• _DATA SUPPLIED_:
·····
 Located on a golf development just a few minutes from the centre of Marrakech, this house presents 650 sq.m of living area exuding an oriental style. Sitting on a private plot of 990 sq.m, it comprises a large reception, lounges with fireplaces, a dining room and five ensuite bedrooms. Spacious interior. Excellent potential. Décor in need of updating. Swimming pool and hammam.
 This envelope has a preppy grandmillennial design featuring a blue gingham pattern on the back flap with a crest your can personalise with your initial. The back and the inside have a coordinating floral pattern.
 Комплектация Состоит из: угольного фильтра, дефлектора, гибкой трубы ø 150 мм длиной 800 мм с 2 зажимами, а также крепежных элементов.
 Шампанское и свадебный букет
·····
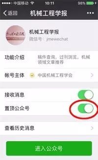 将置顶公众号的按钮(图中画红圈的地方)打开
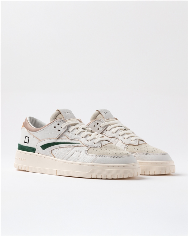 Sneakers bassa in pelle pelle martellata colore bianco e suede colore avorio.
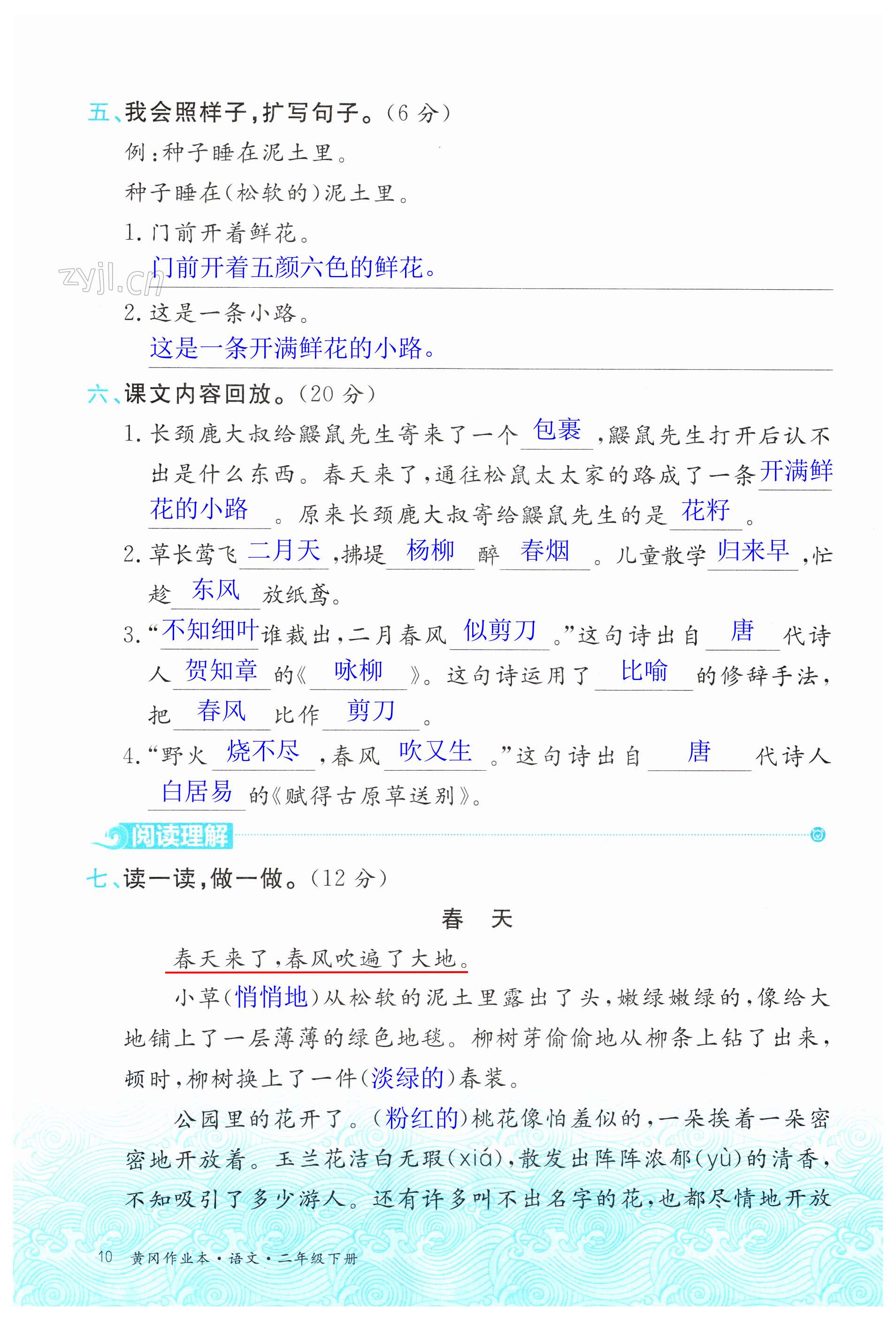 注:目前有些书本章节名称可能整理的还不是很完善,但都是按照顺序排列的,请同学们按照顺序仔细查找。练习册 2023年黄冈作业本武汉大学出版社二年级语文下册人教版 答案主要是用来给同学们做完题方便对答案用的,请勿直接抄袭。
·····
• _WORK INSTRUCTION_:
How many lines in the entries include "with"? Only the number is wanted.

• _PROBLEM SOLUTION_:
2